→ Problem statement: An exact copy of the whole listing is required.

• • • • • • •

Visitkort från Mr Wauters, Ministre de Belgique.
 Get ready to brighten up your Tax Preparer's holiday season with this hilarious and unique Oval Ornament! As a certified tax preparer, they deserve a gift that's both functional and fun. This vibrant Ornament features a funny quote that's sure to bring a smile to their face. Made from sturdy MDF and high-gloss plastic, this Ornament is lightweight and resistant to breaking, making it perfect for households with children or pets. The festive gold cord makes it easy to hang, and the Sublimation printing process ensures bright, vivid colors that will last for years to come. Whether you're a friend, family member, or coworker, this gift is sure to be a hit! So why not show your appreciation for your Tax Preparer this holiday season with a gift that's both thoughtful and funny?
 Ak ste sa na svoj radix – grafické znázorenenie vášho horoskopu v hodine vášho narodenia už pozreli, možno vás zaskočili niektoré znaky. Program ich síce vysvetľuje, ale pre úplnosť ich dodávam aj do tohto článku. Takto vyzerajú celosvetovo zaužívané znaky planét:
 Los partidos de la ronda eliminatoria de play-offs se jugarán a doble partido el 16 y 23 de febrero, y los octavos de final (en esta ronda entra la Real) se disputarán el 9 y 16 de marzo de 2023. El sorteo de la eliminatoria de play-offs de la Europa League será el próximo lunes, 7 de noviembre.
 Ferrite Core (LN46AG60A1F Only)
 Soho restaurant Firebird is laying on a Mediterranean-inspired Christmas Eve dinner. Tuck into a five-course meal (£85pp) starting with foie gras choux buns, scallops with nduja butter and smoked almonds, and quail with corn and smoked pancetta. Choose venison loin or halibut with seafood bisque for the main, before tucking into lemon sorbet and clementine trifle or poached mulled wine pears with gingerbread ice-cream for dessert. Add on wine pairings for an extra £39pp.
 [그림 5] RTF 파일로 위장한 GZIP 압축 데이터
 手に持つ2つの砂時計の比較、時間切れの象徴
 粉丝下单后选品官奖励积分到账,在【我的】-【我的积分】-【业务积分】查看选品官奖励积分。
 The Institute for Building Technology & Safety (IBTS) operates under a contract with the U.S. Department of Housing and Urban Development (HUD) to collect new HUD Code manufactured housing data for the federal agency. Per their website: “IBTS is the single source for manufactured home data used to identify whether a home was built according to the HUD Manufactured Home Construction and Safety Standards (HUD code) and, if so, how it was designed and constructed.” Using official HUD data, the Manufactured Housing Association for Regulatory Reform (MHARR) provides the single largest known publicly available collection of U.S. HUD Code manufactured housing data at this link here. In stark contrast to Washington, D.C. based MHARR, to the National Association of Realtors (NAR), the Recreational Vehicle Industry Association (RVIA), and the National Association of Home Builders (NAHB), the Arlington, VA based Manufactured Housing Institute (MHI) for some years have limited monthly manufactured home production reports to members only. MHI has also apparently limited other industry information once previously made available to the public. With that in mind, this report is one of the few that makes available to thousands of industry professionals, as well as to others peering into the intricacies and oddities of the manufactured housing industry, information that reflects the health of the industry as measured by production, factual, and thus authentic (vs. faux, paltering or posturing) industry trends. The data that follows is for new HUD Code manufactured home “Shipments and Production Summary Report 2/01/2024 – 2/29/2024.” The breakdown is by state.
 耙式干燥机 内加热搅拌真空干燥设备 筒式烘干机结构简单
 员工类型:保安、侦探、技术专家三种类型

• • • • • • •

→ Result for this task:
Visitkort från Mr Wauters, Ministre de Belgique.
 Get ready to brighten up your Tax Preparer's holiday season with this hilarious and unique Oval Ornament! As a certified tax preparer, they deserve a gift that's both functional and fun. This vibrant Ornament features a funny quote that's sure to bring a smile to their face. Made from sturdy MDF and high-gloss plastic, this Ornament is lightweight and resistant to breaking, making it perfect for households with children or pets. The festive gold cord makes it easy to hang, and the Sublimation printing process ensures bright, vivid colors that will last for years to come. Whether you're a friend, family member, or coworker, this gift is sure to be a hit! So why not show your appreciation for your Tax Preparer this holiday season with a gift that's both thoughtful and funny?
 Ak ste sa na svoj radix – grafické znázorenenie vášho horoskopu v hodine vášho narodenia už pozreli, možno vás zaskočili niektoré znaky. Program ich síce vysvetľuje, ale pre úplnosť ich dodávam aj do tohto článku. Takto vyzerajú celosvetovo zaužívané znaky planét:
 Los partidos de la ronda eliminatoria de play-offs se jugarán a doble partido el 16 y 23 de febrero, y los octavos de final (en esta ronda entra la Real) se disputarán el 9 y 16 de marzo de 2023. El sorteo de la eliminatoria de play-offs de la Europa League será el próximo lunes, 7 de noviembre.
 Ferrite Core (LN46AG60A1F Only)
 Soho restaurant Firebird is laying on a Mediterranean-inspired Christmas Eve dinner. Tuck into a five-course meal (£85pp) starting with foie gras choux buns, scallops with nduja butter and smoked almonds, and quail with corn and smoked pancetta. Choose venison loin or halibut with seafood bisque for the main, before tucking into lemon sorbet and clementine trifle or poached mulled wine pears with gingerbread ice-cream for dessert. Add on wine pairings for an extra £39pp.
 [그림 5] RTF 파일로 위장한 GZIP 압축 데이터
 手に持つ2つの砂時計の比較、時間切れの象徴
 粉丝下单后选品官奖励积分到账,在【我的】-【我的积分】-【业务积分】查看选品官奖励积分。
 The Institute for Building Technology & Safety (IBTS) operates under a contract with the U.S. Department of Housing and Urban Development (HUD) to collect new HUD Code manufactured housing data for the federal agency. Per their website: “IBTS is the single source for manufactured home data used to identify whether a home was built according to the HUD Manufactured Home Construction and Safety Standards (HUD code) and, if so, how it was designed and constructed.” Using official HUD data, the Manufactured Housing Association for Regulatory Reform (MHARR) provides the single largest known publicly available collection of U.S. HUD Code manufactured housing data at this link here. In stark contrast to Washington, D.C. based MHARR, to the National Association of Realtors (NAR), the Recreational Vehicle Industry Association (RVIA), and the National Association of Home Builders (NAHB), the Arlington, VA based Manufactured Housing Institute (MHI) for some years have limited monthly manufactured home production reports to members only. MHI has also apparently limited other industry information once previously made available to the public. With that in mind, this report is one of the few that makes available to thousands of industry professionals, as well as to others peering into the intricacies and oddities of the manufactured housing industry, information that reflects the health of the industry as measured by production, factual, and thus authentic (vs. faux, paltering or posturing) industry trends. The data that follows is for new HUD Code manufactured home “Shipments and Production Summary Report 2/01/2024 – 2/29/2024.” The breakdown is by state.
 耙式干燥机 内加热搅拌真空干燥设备 筒式烘干机结构简单
 员工类型:保安、侦探、技术专家三种类型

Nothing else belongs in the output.